* _About this exercise_: From the records below, set down exactly the lines starting with the line that contains "すまし汁の花麩に興味津々!?" and going on through the line that contains "Trên sàn HoSE, top". Nothing else is wanted.
*** Opening Data for this exercise ***
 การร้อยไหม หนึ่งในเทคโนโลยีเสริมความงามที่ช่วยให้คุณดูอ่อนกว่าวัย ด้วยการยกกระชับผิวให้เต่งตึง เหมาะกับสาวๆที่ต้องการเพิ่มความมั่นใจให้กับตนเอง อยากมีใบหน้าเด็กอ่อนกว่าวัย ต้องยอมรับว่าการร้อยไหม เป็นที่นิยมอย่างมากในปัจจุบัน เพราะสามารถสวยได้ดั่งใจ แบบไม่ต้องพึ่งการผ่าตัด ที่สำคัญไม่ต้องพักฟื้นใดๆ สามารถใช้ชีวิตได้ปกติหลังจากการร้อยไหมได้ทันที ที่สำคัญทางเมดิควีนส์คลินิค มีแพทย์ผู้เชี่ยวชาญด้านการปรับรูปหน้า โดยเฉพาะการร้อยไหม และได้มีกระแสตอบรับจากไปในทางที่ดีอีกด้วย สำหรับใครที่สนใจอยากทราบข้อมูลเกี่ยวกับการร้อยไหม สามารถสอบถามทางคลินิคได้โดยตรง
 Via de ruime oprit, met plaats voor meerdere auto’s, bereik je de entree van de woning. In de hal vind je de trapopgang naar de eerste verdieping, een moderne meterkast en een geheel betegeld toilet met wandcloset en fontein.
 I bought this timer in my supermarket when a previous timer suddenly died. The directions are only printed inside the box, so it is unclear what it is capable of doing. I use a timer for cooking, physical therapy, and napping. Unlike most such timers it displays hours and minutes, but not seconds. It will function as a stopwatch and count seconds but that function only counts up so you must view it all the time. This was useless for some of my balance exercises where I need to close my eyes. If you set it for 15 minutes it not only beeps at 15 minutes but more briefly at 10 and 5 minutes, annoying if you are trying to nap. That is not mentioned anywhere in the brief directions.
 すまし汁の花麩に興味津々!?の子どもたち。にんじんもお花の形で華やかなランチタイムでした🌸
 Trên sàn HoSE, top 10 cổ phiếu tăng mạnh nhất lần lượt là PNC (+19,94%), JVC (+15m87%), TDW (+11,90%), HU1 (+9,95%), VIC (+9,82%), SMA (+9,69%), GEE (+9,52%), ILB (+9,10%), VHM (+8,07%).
*** Closing Data for this exercise ***
*** Opening Data for this exercise ***
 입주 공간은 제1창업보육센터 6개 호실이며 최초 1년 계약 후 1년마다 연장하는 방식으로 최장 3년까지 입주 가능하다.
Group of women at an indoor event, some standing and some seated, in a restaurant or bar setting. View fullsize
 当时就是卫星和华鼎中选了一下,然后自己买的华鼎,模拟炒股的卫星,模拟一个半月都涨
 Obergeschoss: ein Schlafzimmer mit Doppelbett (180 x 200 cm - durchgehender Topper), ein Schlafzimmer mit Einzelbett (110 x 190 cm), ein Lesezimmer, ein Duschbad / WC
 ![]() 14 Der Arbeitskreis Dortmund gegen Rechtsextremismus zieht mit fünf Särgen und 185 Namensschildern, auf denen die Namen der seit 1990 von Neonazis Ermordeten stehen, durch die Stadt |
*** Closing Data for this exercise ***
*** Opening Data for this exercise ***
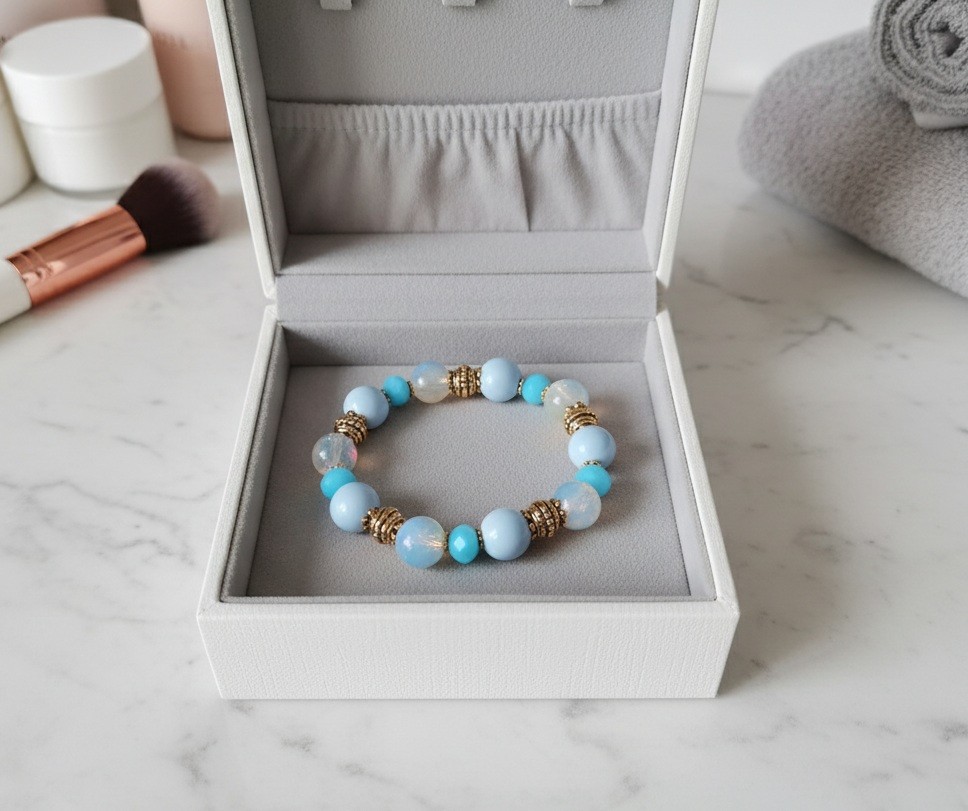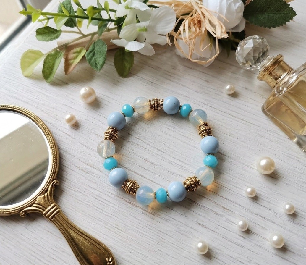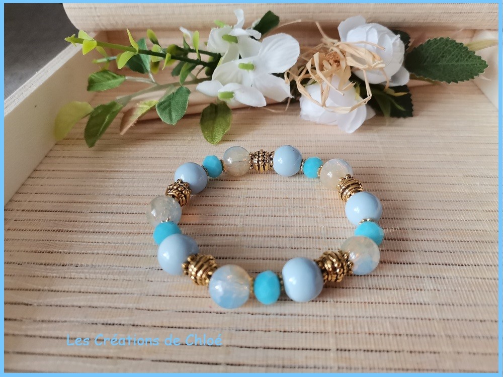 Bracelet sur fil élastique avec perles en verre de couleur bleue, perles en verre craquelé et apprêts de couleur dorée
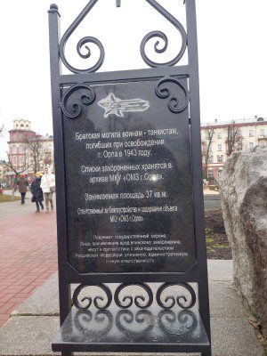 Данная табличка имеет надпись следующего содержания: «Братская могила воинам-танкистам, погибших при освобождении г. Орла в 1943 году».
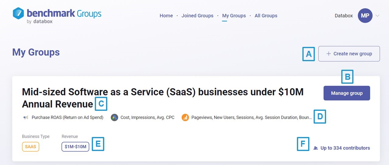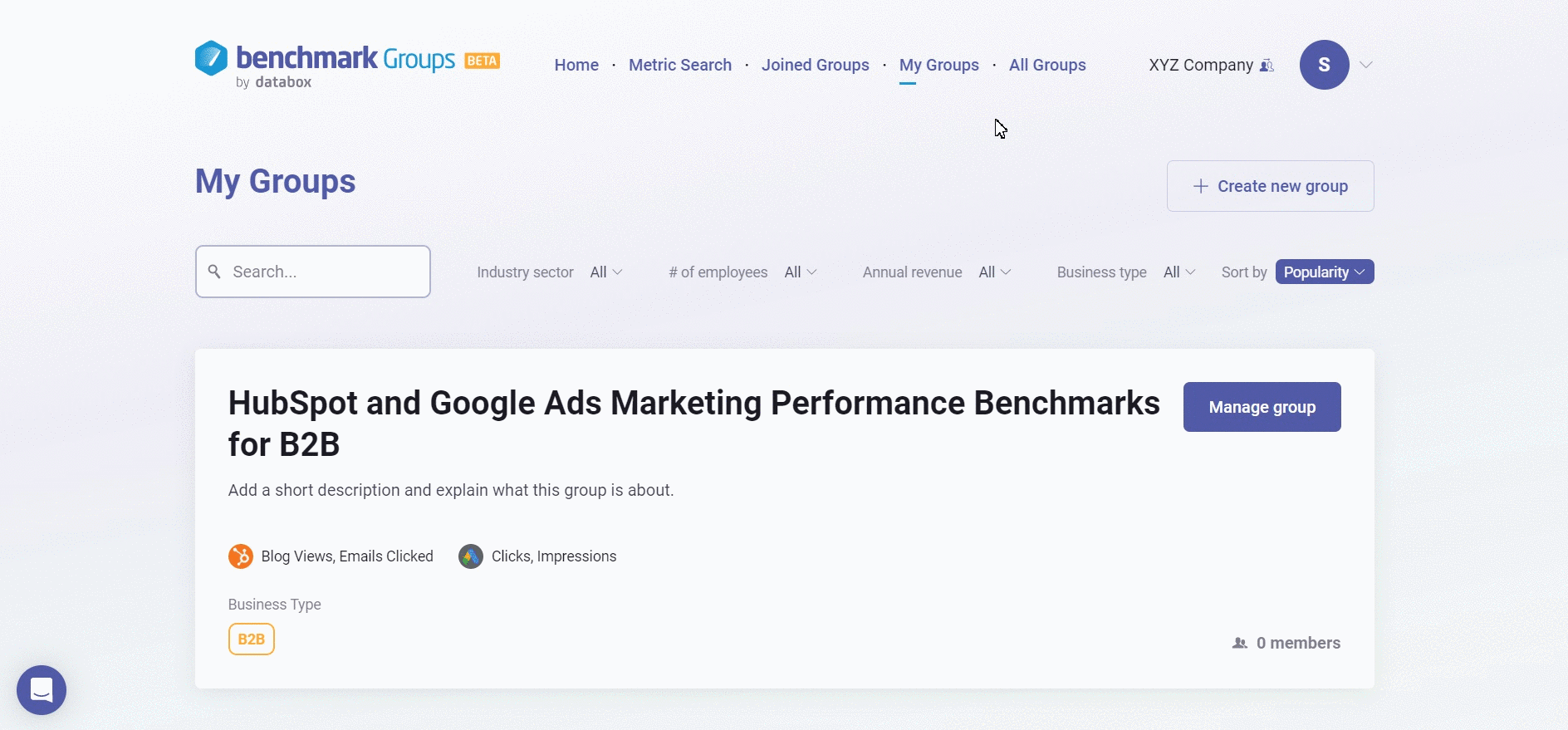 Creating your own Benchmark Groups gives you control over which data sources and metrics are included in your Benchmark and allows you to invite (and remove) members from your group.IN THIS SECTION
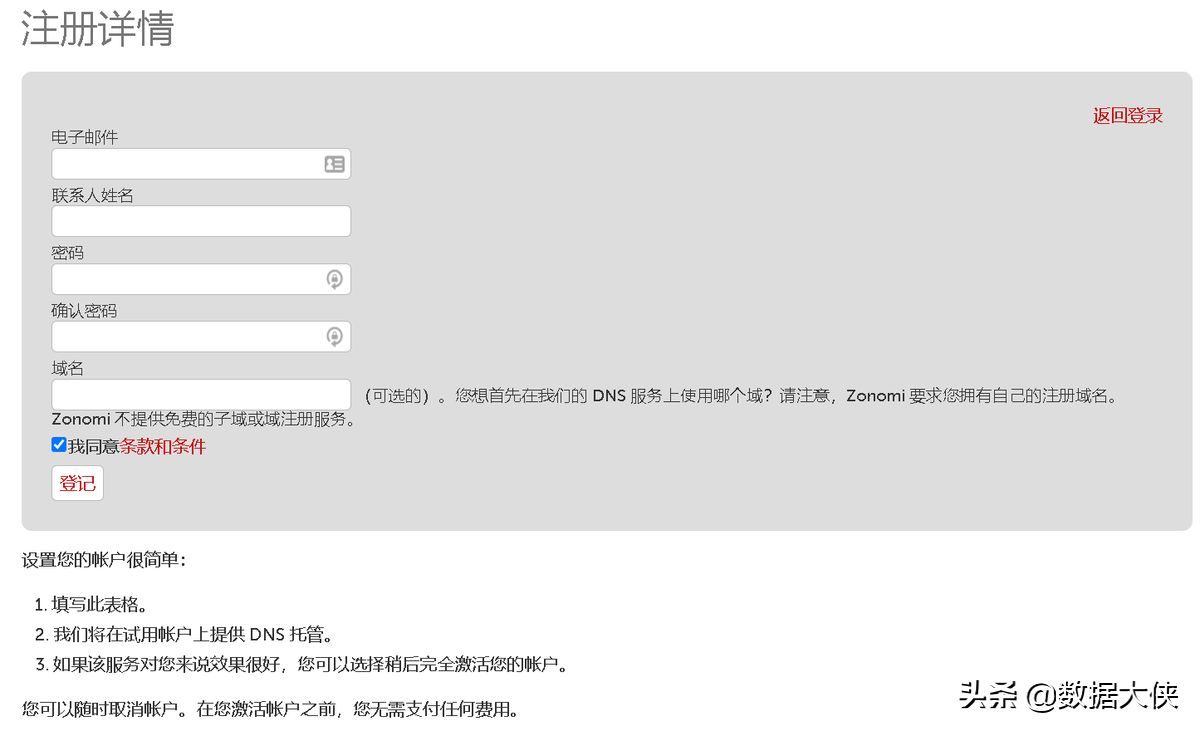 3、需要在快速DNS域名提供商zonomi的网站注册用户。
*** Closing Data for this exercise ***
* _Expected answer_:
 すまし汁の花麩に興味津々!?の子どもたち。にんじんもお花の形で華やかなランチタイムでした🌸
 Trên sàn HoSE, top 10 cổ phiếu tăng mạnh nhất lần lượt là PNC (+19,94%), JVC (+15m87%), TDW (+11,90%), HU1 (+9,95%), VIC (+9,82%), SMA (+9,69%), GEE (+9,52%), ILB (+9,10%), VHM (+8,07%).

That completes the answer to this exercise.